Open an agent's Chat tab.

Click the microphone button next to the chat input.

A full-screen voice overlay appears with an animated canvas orb.

Speak — audio is captured as PCM 16 kHz and streamed to the backend WebSocket.

The backend proxies audio to the Gemini Live API in real-time.

Agent response audio (PCM 24 kHz) plays back immediately (~280ms TTFT).

When Gemini needs to perform a complex task, it calls run_task: the orb shifts to an amber badge state. Trinity sends the prompt to the Claude agent (up to 30 seconds).
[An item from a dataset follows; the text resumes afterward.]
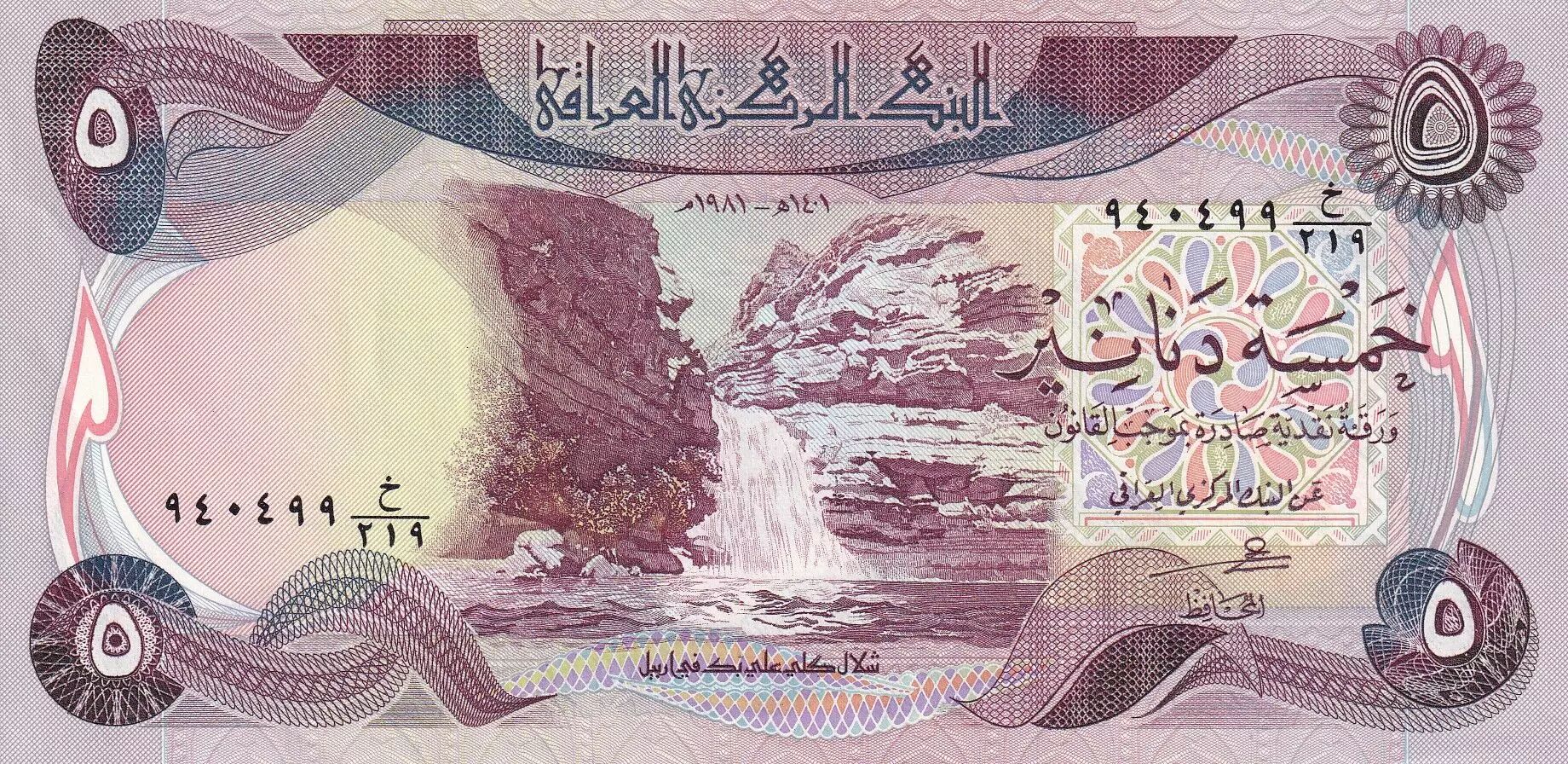 Banknote Iraq 5 Dinars Waterfall Gali-Ali Beg - Castle - 1981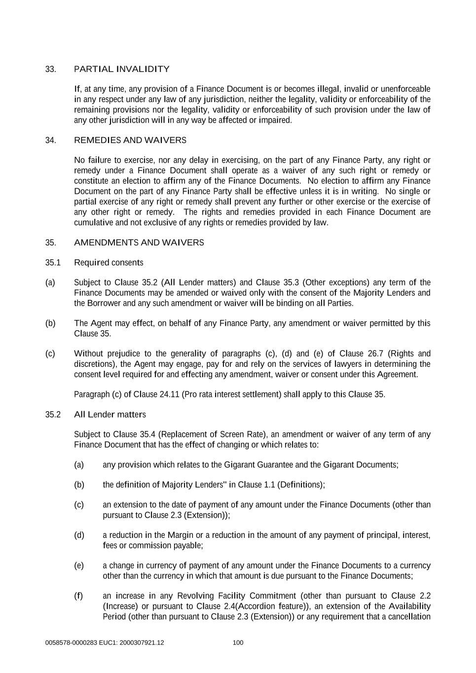 0058578-0000283 EUC1: 2000307921.12 100 33. PARTIAL INVALIDITY If, at any time, any provision of a Finance Document is or becomes illegal, invalid or unenforceable in any respect under any law of any jurisdiction, neither the legality, validity or enforceability of the remaining provisions nor the legality, validity or enforceability of such provision under the law of any other jurisdiction will in any way be affected or impaired. 34. REMEDIES AND WAIVERS No failure to exercise, nor any delay in exercising, on the part of any Finance Party, any right or remedy under a Finance Document shall operate as a waiver of any such right or remedy or constitute an election to affirm any of the Finance Documents. No election to affirm any Finance Document on the part of any Finance Party shall be effective unless it is in writing. No single or partial exercise of any right or remedy shall prevent any further or other exercise or the exercise of any other right or remedy. The rights and remedies provided in each Finance Document are cumulative and not exclusive of any rights or remedies provided by law. 35. AMENDMENTS AND WAIVERS 35.1 Required consents (a) Subject to Clause 35.2 (All Lender matters) and Clause 35.3 (Other exceptions) any term of the Finance Documents may be amended or waived only with the consent of the Majority Lenders and the Borrower and any such amendment or waiver will be binding on all Parties. (b) The Agent may effect, on behalf of any Finance Party, any amendment or waiver permitted by this Clause 35. (c) Without prejudice to the generality of paragraphs (c), (d) and (e) of Clause 26.7 (Rights and discretions), the Agent may engage, pay for and rely on the services of lawyers in determining the consent level required for and effecting any amendment, waiver or consent under this Agreement. Paragraph (c) of Clause 24.11 (Pro rata interest settlement) shall apply to this Clause 35. 35.2 All Lender matters Subject to Clause 35.4 (Replacement of Screen Rate), an amendment or waiver of any term of any Finance Document that has the effect of changing or which relates to: (a) any provision which relates to the Gigarant Guarantee and the Gigarant Documents; (b) the definition of Majority Lenders" in Clause 1.1 (Definitions); (c) an extension to the date of payment of any amount under the Finance Documents (other than pursuant to Clause 2.3 (Extension)); (d) a reduction in the Margin or a reduction in the amount of any payment of principal, interest, fees or commission payable; (e) a change in currency of payment of any amount under the Finance Documents to a currency other than the currency in which that amount is due pursuant to the Finance Documents; (f) an increase in any Revolving Facility Commitment (other than pursuant to Clause 2.2 (Increase) or pursuant to Clause 2.4(Accordion feature)), an extension of the Availability Period (other than pursuant to Clause 2.3 (Extension)) or any requirement that a cancellation

Gemini speaks the result when done; the orb returns to listening state.

Click End to close the session. Transcripts are saved to the current chat session.

Orb State Reference

State	Orb color	Trigger
Idle / Connecting	Base hue (0°)	Before audio starts
Listening	+90° shift (green)	Microphone active, user speaking
Speaking	+210° shift (indigo)	Gemini responding
Tool calling	Amber badge overlay	`run_task` dispatched to Claude

Click Mute to silence microphone mid-session. Gemini continues speaking.

Requirements

•GEMINI_API_KEY configured in Settings → AI Keys

•VOICE_ENABLED must be on (default: on when API key is present)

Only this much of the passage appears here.